Installer Nginx avec Mod Security

Il est important de compiler le code source de Nginx et de modsecurity.

  • Connectez-vous à un serveur et assurez-vous d’avoir les droits de root.

Note : si vous travaillez sur un nouveau serveur, vous devrez peut-être installer les bibliothèques suivantes.

yum install gcc make automake autoconf libtool pcre pcre-devel libxml2 libxml2-devel curl curl-devel httpd-devel

Tout d’abord, compilons mod security. Allez dans le dossier modsecurity-2.9.1 et utilisez les commandes suivantes.

./configure --enable-standalone-module
make

Ensuite, installez Nginx avec mod security

./configure --add-module=../modsecurity-2.9.1/nginx/modsecurity
make
make install

Ceci conclut que Nginx est installé avec Mod Security et qu’il est temps de le configurer.

Configurer Mod Security avec Nginx

Copiez les fichiers modsecurity.conf-recommended & unicode.mapping du dossier extrait du code source de ModSecurity téléchargé ci-dessus dans le dossier conf de nginx. Vous pouvez également utiliser la commande find.

find / -name modsecurity.conf-recommended
find / -name unicode.mapping
[root@GeekFlare-Lab conf]# cp /opt/nginx/binary/modsecurity-2.9.1/modsecurity.conf-recommended /usr/local/nginx/conf/
[root@GeekFlare-Lab conf]# cp /opt/nginx/binary/modsecurity-2.9.1/ unicode.mapping /usr/local/nginx/conf/
[root@GeekFlare-Lab conf]#

Renommons modsecurity.conf-recommended en modsecurity.conf

mv modsecurity.conf-recommended modsecurity.conf
  • Faites une sauvegarde du fichier nginx.conf
  • Ouvrez le fichier nginx.conf et ajoutez ce qui suit dans la directive “location /”
ModSecurityEnabled on ;
ModSecurityConfig modsecurity.conf ;

Cela devrait donc ressembler à ceci

location / {
ModSecurityEnabled on ;
ModSecurityConfig modsecurity.conf ;
}

Maintenant, Mod Security est intégré à Nginx. Redémarrez Nginx pour vous assurer qu’il s’exécute sans erreur.

Vérifions..

Il y a deux méthodes possibles pour confirmer que Nginx est compilé avec Mod Security.

Premièrement..

Listez le module compilé en utilisant -V avec le fichier exécutable de nginx.

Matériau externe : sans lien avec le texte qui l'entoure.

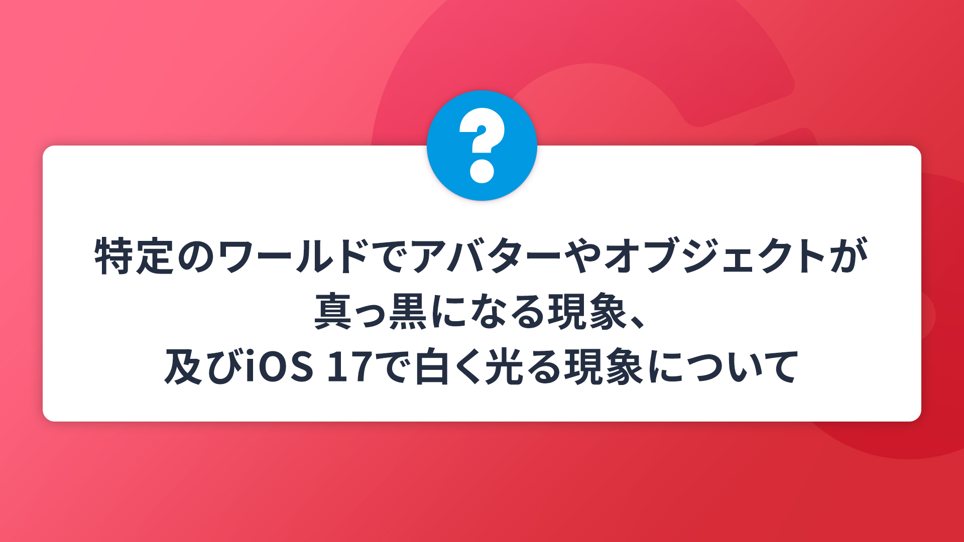 特定のワールドにて、アバターやオブジェクトが真っ黒になったり、iOS17では中心が黒くそのまわりが白く光る現象のご報告を頂いております。
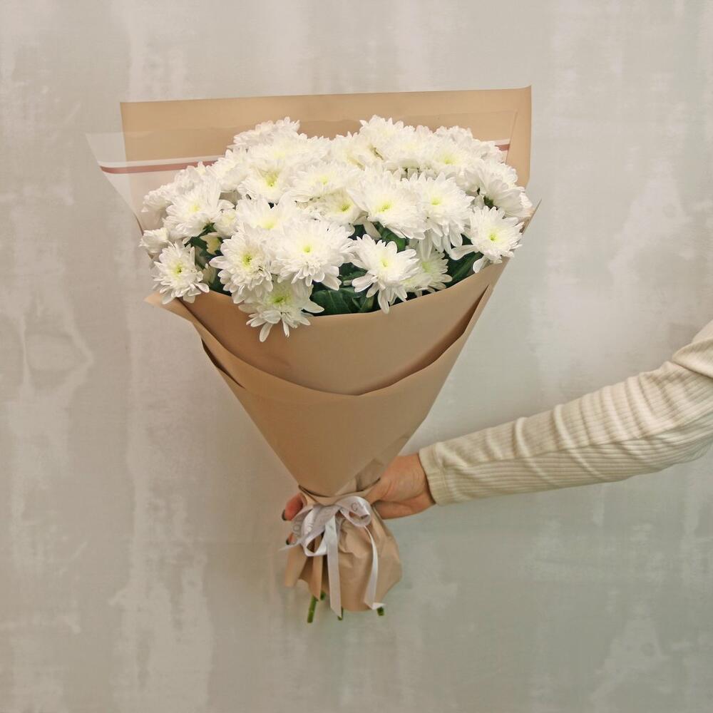 Букет из 7 белых кустовых хризантем в стильной упаковке

[root@GeekFlare-Lab sbin]# ./nginx -V
version de nginx : nginx/1.9.15
construit par gcc 4.4.7 20120313 (Red Hat 4.4.7-16) (GCC)
arguments de configure : --add-module=../modsecurity-2.9.1/nginx/modsecurity
[root@GeekFlare-Lab sbin]#

Deuxièmement..

Allez dans le dossier des logs et regardez le fichier d’erreur, vous devriez voir ce qui suit

2016/05/21 21:54:51 [notice] 25352#0 : ModSecurity pour nginx (STABLE)/2.9.1 (http://www.modsecurity.org/) configuré.
2016/05/21 21:54:51 [ notice] 25352#0 : ModSecurity : APR compilé version="1.3.9" ; chargé version="1.3.9"
2016/05/21 21:54:51 [notice] 25352#0 : ModSecurity : PCRE compilé version="7.8 " ; chargé version="7.8 2008-09-05"
2016/05/21 21:54:51 [notice] 25352#0 : ModSecurity : LIBXML compilé version="2.7.6"

Ceci conclut que vous avez configuré avec succès ModSecurity avec Nginx.

Par défaut, la configuration est en mode détection uniquement, ce qui signifie qu’elle n’exécutera aucune action et protégera vos applications web.

Dans mon prochain article, je vous expliquerai comment configurer le jeu de règles OWASP et activer ModSecurity pour vous protéger des vulnérabilités de la sécurité web.